III
A DYING TRIBE

This amiable and attractive people, the Mpongwe tribe, is now but a dying remnant, hurrying to extinction. It is not long since they were numbered by tens of thousands; now there are probably not more than five hundred pure Mpongwe. There are women among them for whom marriage is impossible. For, as I have already said, their social superiority makes it impossible for them to marry into other tribes; but, within their own tribe, many Mpongwe women are related, nearly or remotely, to every surviving family, and the very strict laws of consanguinity forbid the marriage of related persons. It is expected, therefore, that these women will make their alliances with white men; that is, that they will not marry at all.

The first exterminating factor was slavery. Sir Harry Johnston, in The Civilization of Africa, has this to say in regard to the fatal adaptability of the Negro to a condition of slavery:

“The Negro in general is a born slave. He is possessed of physical strength, docility, cheerfulness of disposition, a short memory for sorrows and cruelties, and an easily aroused gratitude for kindness and just dealing. He does not suffer from homesickness to the overbearing extent that afflicts other peoples torn from their homes, and, provided he is well fed, he is easily made happy. Above all, he can toil hard under the hot sun and in the unhealthy climates of the torrid zone. He has little or no race-fellowships—that is to say, he has no sympathy for other Negroes; he recognizes and follows his master independent of any race affinities, and as he is usually a strong man and a good fighter, he has come into request not only as a labourer but as a soldier.”

Sir Harry, speaking as an eye-witness of the capturing and the exportation of slaves, gives a lurid description of their sufferings, which, he says, “were so appalling that they almost transcend belief.” He makes a conservative estimate that in the modern period of the slave-traffic twenty million Africans must have been sold into slavery. The Mpongwe was one of the tribes that suffered most. A large portion of their country was depopulated. The slave-traffic was frightfully demoralizing to the Africans themselves. It excited fiendish passions, stifled every instinct of humanity and inspired craft and cruelty far surpassing anything hitherto known. It was said that three men of the same family dared not leave their town together lest two of them should combine to sell the third.

More than half a century has passed since the last slave ship sailed out of Gaboon harbour and disappeared over the western horizon with its cargo of grief and rage, many of them wailing vengeance in a mournful chant, improvising the words as they sang.
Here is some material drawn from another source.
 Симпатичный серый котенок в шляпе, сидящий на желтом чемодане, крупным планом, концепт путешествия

For the African sings his bitterest grief as well as his joy. He sings where the white man would weep, or curse; but to the accustomed ear no cry could equal the pity of his song.

It was in this region that Du Chaillu hunted the gorilla and gathered much of the material for his famous books. An interior chief, in appreciation of Du Chaillu’s visit to his town, once presented him with a fat slave; and when Du Chaillu kindly declined the offer, protesting that he would not know what to do with him, the chief exclaimed in astonishment: “You must kill him and eat him, of course.”
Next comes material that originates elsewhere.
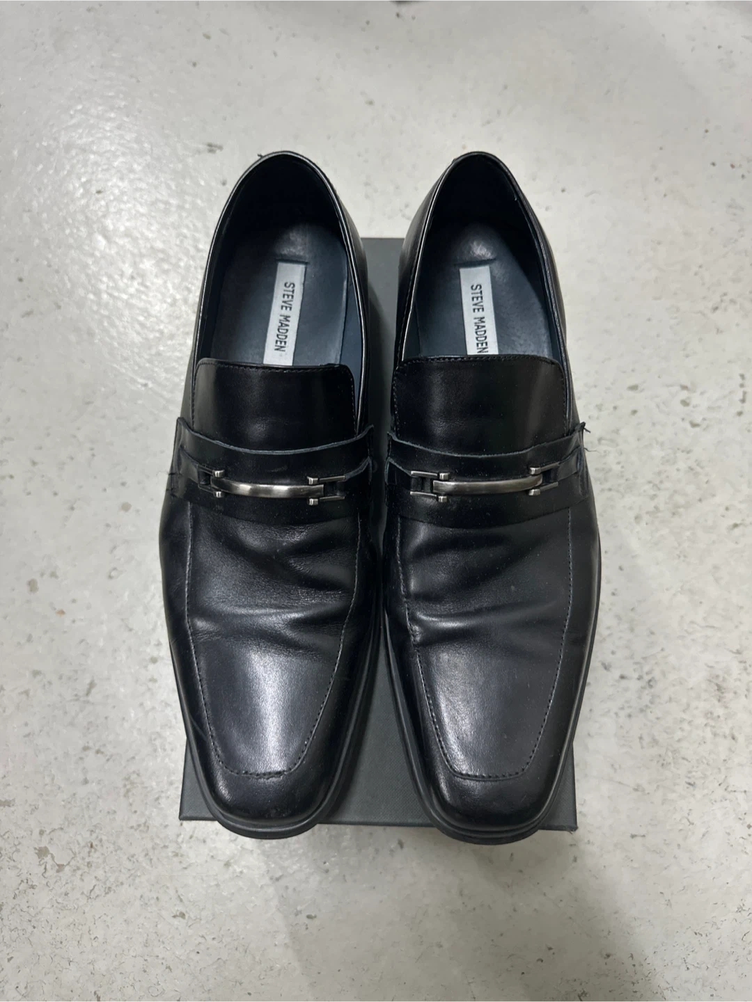 Selling a pair of Steve Madden black leather loafers. They're in great condition and come with the original box! Perfect for a night out or a business casual look

Du Chaillu spat violently upon the ground—the African way of expressing disgust and abhorrence.

“Then,” said the bewildered chief, “what do you do with all our people who are sent down the river and far away to your country? We have believed that you fatten them and eat them.”

It is supposed that our present mission station was formerly the site of a slave pen, where slaves were kept until they were shipped—a barracoon; hence the name Baraka.